Kei huzursuz bir şekilde etrafına bakarak sakinleşemiyordu. “Kimsenin bizi görmeyeceğinin garantisini veremem ama
“Şimdilik sorun yok.”
Yemekhane bugün saat 11:00’de açıldı ve 9.sınıflar öğle yemeği yiyen ilk grup oldu. Öğle saatlerinde onlara bilgi verileceğinden dolayı, erkenden yediler. 10. ve 11.sınıfların öğle yemeği bir saat sonra başladı. Şuan öğrencilerin çoğunluğu, hala lüks yemek ziyafetinin keyfini çıkartıyordur.
Saat 13:00’te bize bilgi verileceği için, ikimizin birlikte yalnız olabileceği nadir anlardan biriydi.
“Bu yıl çok fazla öğrenci katılıyor… Belki de bu yüzden adaya geçmeden önce bize bir şeyler açıklamak istiyorlardır?”
“Bu açıklamanın bir parçasıdır ama tek sebep bu değildir.”
Bir saatten fazla bir süre belirlenmişti, açıklama için. Kavurucu sıcağı düşünerek açıklamayı sahilde tutmak istememişlerdir. Doğrudan güneş ışığına maruz kalıp uzun soluklu bir açıklama dinletseydi, çok fazla öğrencinin başına güneş geçerdi. Verimlilikten çok güvenlik amaçlı bir görüşme düzenlenecek diye düşünüyorum.
“Hala gerçek gibi gelmiyor…”
“Her gün böyle bir yolcu gemisine binme şansımız olmuyor. Gerçeküstü hissettirmesi doğal bence.”
Hem sakince hem de objektif bir şekilde cevap verdim ama Kei, çileden çıktı.
“Ondan mı bahsediyorum?… Seninle çıkmanın gerçek dışı olduğunu ima ediyordum. Çok zekisin falan ama bu inceleri nasıl anlamıyorsun aklım almıyor?”
Kei ile bahar tatili itibariyle çıkmaya başlamıştık.
Birkaç ay geçmesine rağmen, hala birlikte gerçek bir randevuya çıkmamıştık. Normal bir liseli çift, gününü gün edip beraber sürekli zaman geçirirdi. Biz ilişkimizi gizlediğimiz için, randevularımız diğer çiftlere göre çok daha az sıklıkla gerçekleşiyordu.
Birlikte görüşecek zamanı bulabilsek de gizlice görüşmek için çaba harcıyorduk.

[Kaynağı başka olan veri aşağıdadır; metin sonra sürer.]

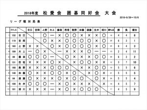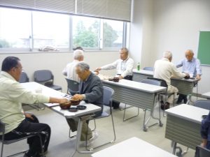 9/29 日と10/6日2日間で 囲碁同好会の大会を開催しました。いつもの月例会の会場である平石市民センターで行いました。11名全員参加の総当たりリーグ戦で、最後まで順位が定まらない非常に熱戦な展開でした。この2日間は気合が入っていて、普段は遅れてくる人も開始の午前9時には全員集まりました。いつもは速く打つ人もこの大会はじっくり考えて打つなど、真剣さが出ていました。(商品を意識してのことかも?)世話役の遠藤さん、お疲れさまでした。結果は別表の通り、最年長の吉岡さんが優勝しました。
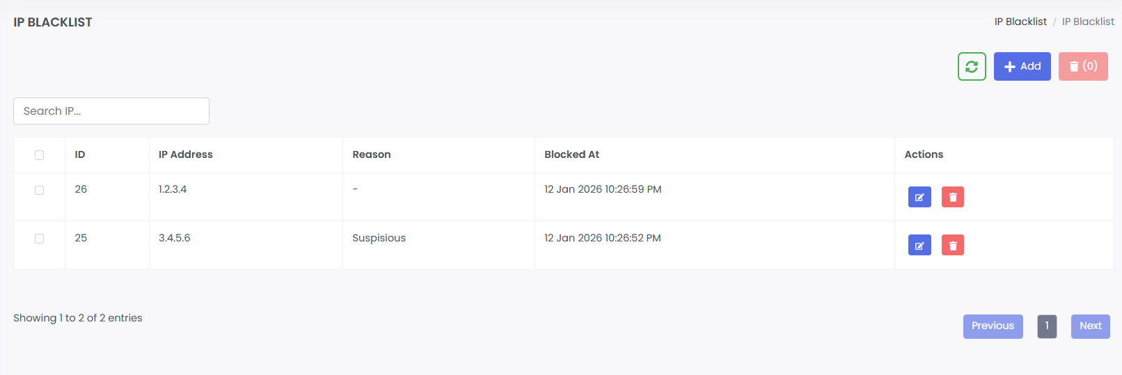 · Columns: ID, IP Address, Reason, Blocked At, Actions.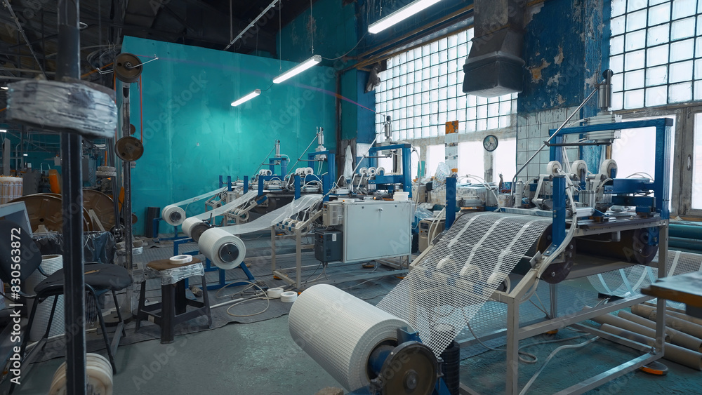 Industrial production of plastic grids. Creative. Machines winding thermoplastic meshes made of polymers. Assembly shop of chemical plant of polymer products
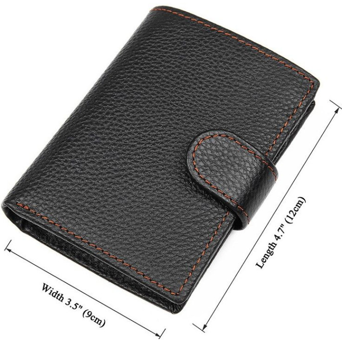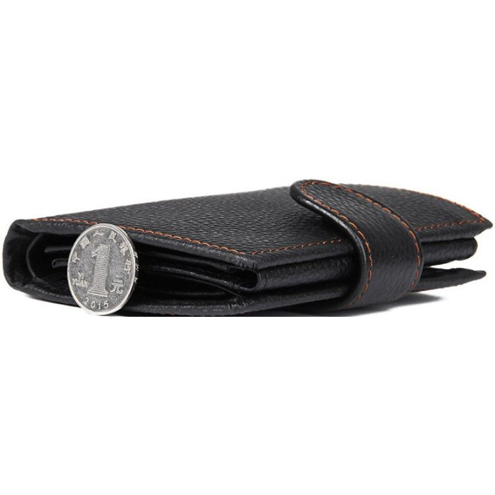 Вертикальный мужской кошелек черного цвета. Аксессуар выполнен из натуральной высококачественной фактурной кожи приятной на ощупь. Бумажник аккуратной прошит светло-коричневой нитью, что придает ему изюминку. Цвет фурнитуры: латунь. Изделие упаковано в текстильный пылезащитный мешочек белого цвета.

İlişkimizi ilerletmek için fırsatımız nadir oluyordu.
“Peki ya sen, Kiyotaka? Sana gerçekmiş gibi geliyor mu?” “Bilmem. Öyle gibi de değil gibi de.”
“O ne demek be!”
Kei ile sevgili olduğumuz gerçekti.
Ancak, ilişkimizde hala gözle görülür bir gelişme olmamıştı.
“Dışarıda böyle gizlice buluşacağımızı hiç düşünmemiştim de. “
“Eh haklısın.”
Kei uzak ufka bakıp derin bir iç çekti.
“Yaklaşan açıklamada özel sınavla ilgili bize söylenenlere bağlı, benim için birkaç şey yapmanı isteyebilirim.”
“Tamamdır. Yapabileceğim bir şeyse, hallederim.”
Öncelikli olarak ona bu konudan bahsetmek için burada görüşme istemiştim. Gün bitene kadar telefonlarımızı kullanma hakkına sahip olduğumuz için, telefonla iletişim kurabiliriz. Tabii, gizlice görüşecek kadar kendimi öne atmama gerek yoktu. Çıktığımız için, yüz yüze görüşerek farklı ve ilginç bir deneyim yaşamak istedim.
Kısa bir süre sonra, gemide 9.sınıfların açıklamasının bittiğine dair bir duyuru yayınlandı.
“9. sınıfların işi bitmiş galiba. Birlikte gitmeyelim. ben önden gideceğim.”
İkimiz birlikte yürürken görülürsek şüphe çekeceğini bilen Kei, inisiyatifi kullanarak güverteden ayrıldı.